● Try it
Copy the data that follows exactly as it is, excluding all pictures.

● Dataset excerpt
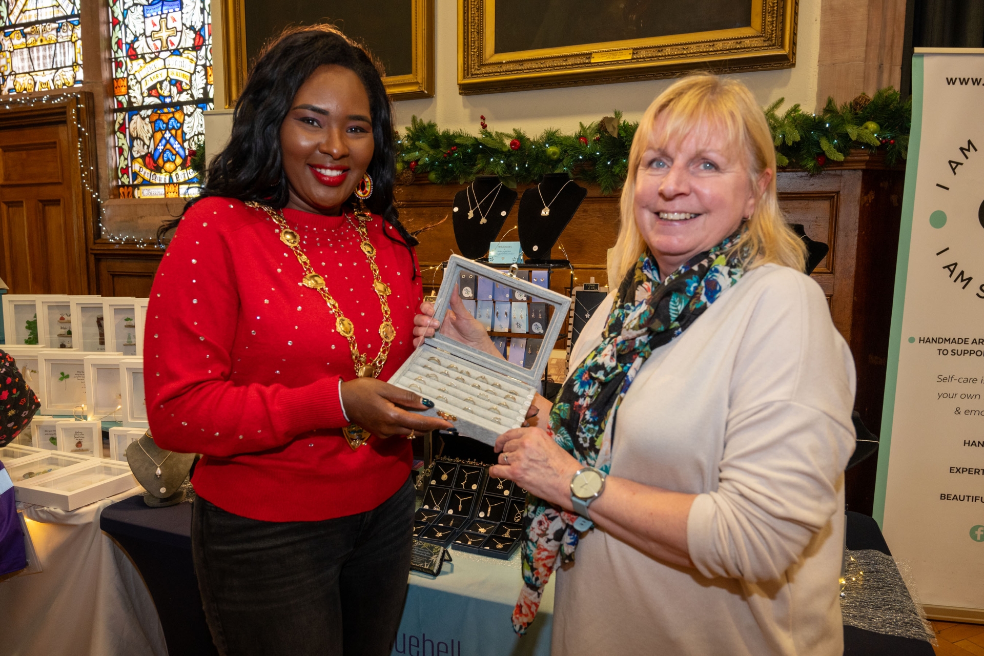 The Mayor, Councillor Lilian Seenoi-Barr pictured with Fiona Adair from Bluebell Handmade Jewellery.
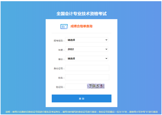 第四步:按要求分別輸入“報(bào)考級(jí)別”、“年度”、“省份”、“身份證號(hào)”、“姓名”和“驗(yàn)證碼”后,點(diǎn)擊“查詢(xún)”。
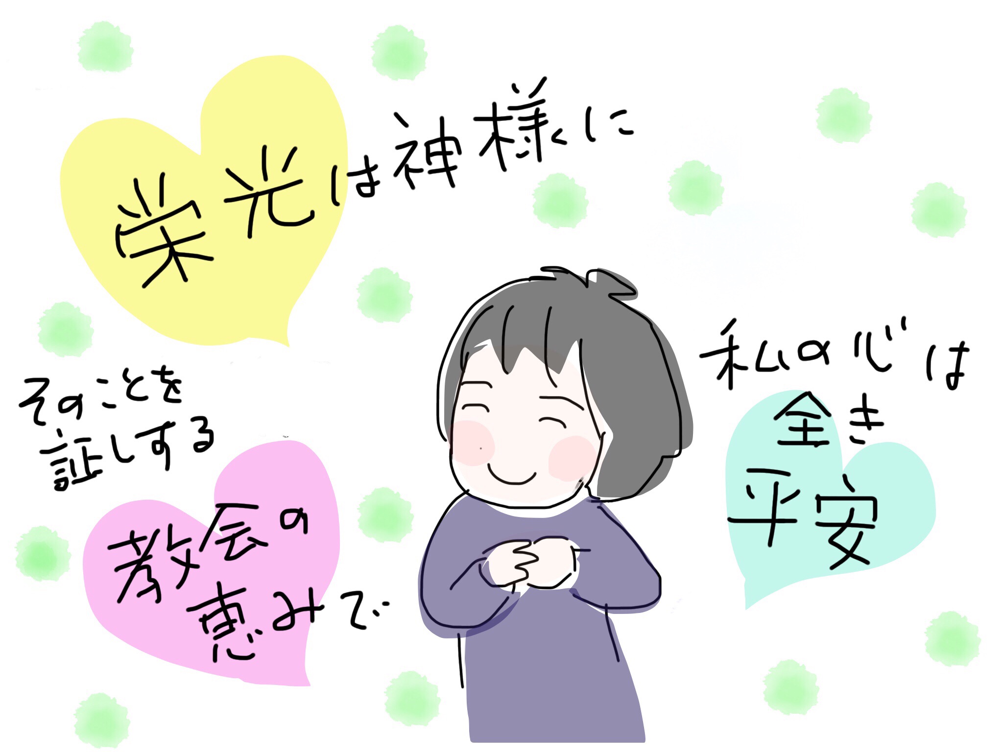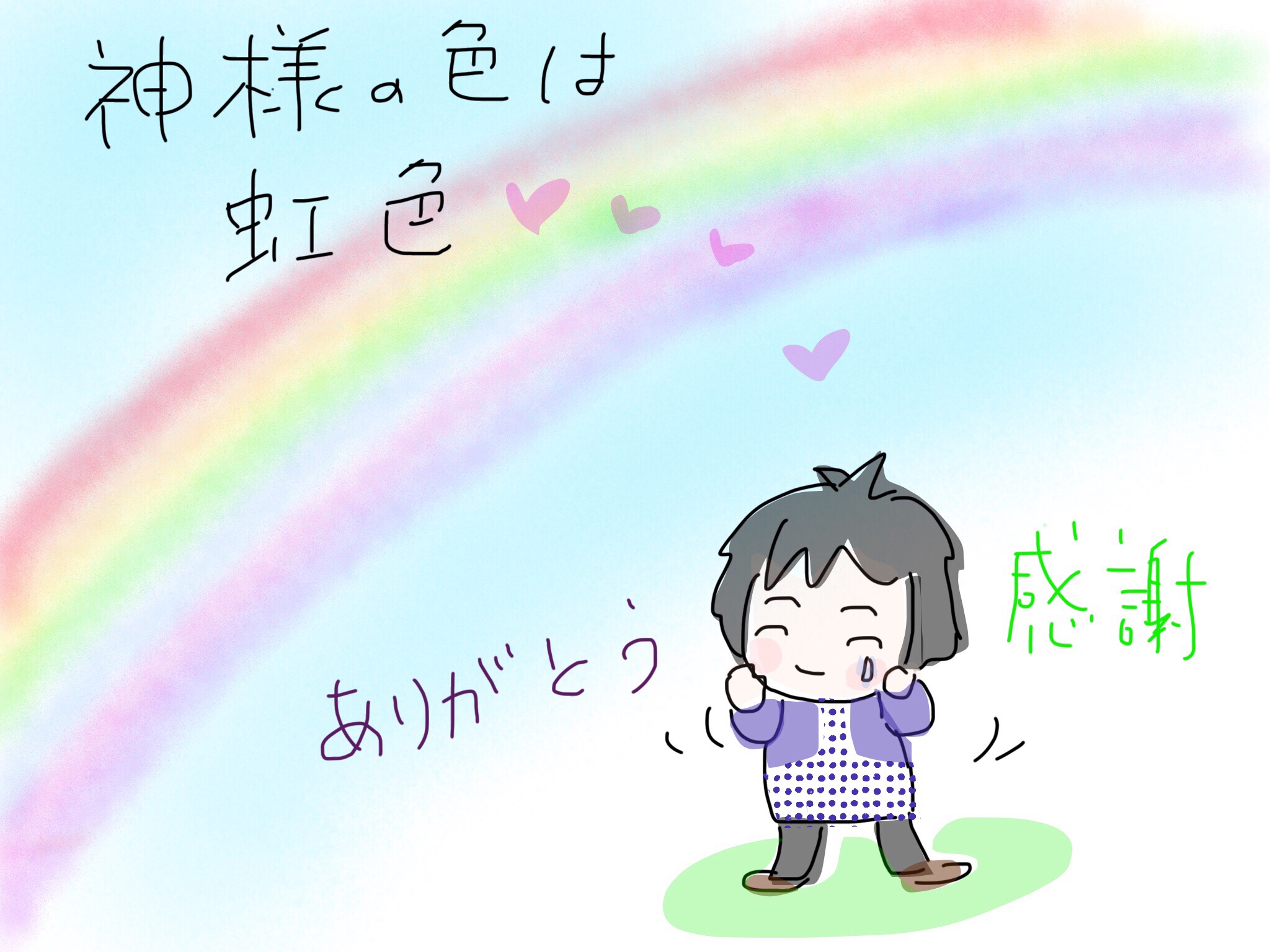 「天国の色は黄色だけではないでしょ。虹を作られた神様は、虹に七色も使っている」と言ってくれ、見る人にとっては「黄緑であっても受け取るものがある」と言ってくれました。ものすごい平安をいただきました。S姉ありがとう。
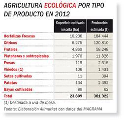En cuanto a la producción estimada para 2012, que recoge las últimas estadísticas publicadas por el Ministerio de Agricultura, asciende a 381.900 t. Este volumen básicamente encuentra su salida en los mercados exteriores, siendo Alemania y Reino Unido los principales clientes. Según un estudio de mercado, elaborado por la Oficina Económica y Comercial de España en Düseldorf, determina que en Alemania se puede hablar del boom de los productos biológicos, país donde las frutas y hortalizas suponen el 26,7% de la facturación de productos agroalimentarios. Así el acusado crecimiento de la demanda de productos ecológicos ha motivado un incremento de la superficie de cultivo, pero, sobre todo un significativo aumento de las importaciones españolas.

● Response for this exercise
 The Mayor, Councillor Lilian Seenoi-Barr pictured with Fiona Adair from Bluebell Handmade Jewellery.
 第四步:按要求分別輸入“報(bào)考級(jí)別”、“年度”、“省份”、“身份證號(hào)”、“姓名”和“驗(yàn)證碼”后,點(diǎn)擊“查詢(xún)”。
 「天国の色は黄色だけではないでしょ。虹を作られた神様は、虹に七色も使っている」と言ってくれ、見る人にとっては「黄緑であっても受け取るものがある」と言ってくれました。ものすごい平安をいただきました。S姉ありがとう。
En cuanto a la producción estimada para 2012, que recoge las últimas estadísticas publicadas por el Ministerio de Agricultura, asciende a 381.900 t. Este volumen básicamente encuentra su salida en los mercados exteriores, siendo Alemania y Reino Unido los principales clientes. Según un estudio de mercado, elaborado por la Oficina Económica y Comercial de España en Düseldorf, determina que en Alemania se puede hablar del boom de los productos biológicos, país donde las frutas y hortalizas suponen el 26,7% de la facturación de productos agroalimentarios. Así el acusado crecimiento de la demanda de productos ecológicos ha motivado un incremento de la superficie de cultivo, pero, sobre todo un significativo aumento de las importaciones españolas.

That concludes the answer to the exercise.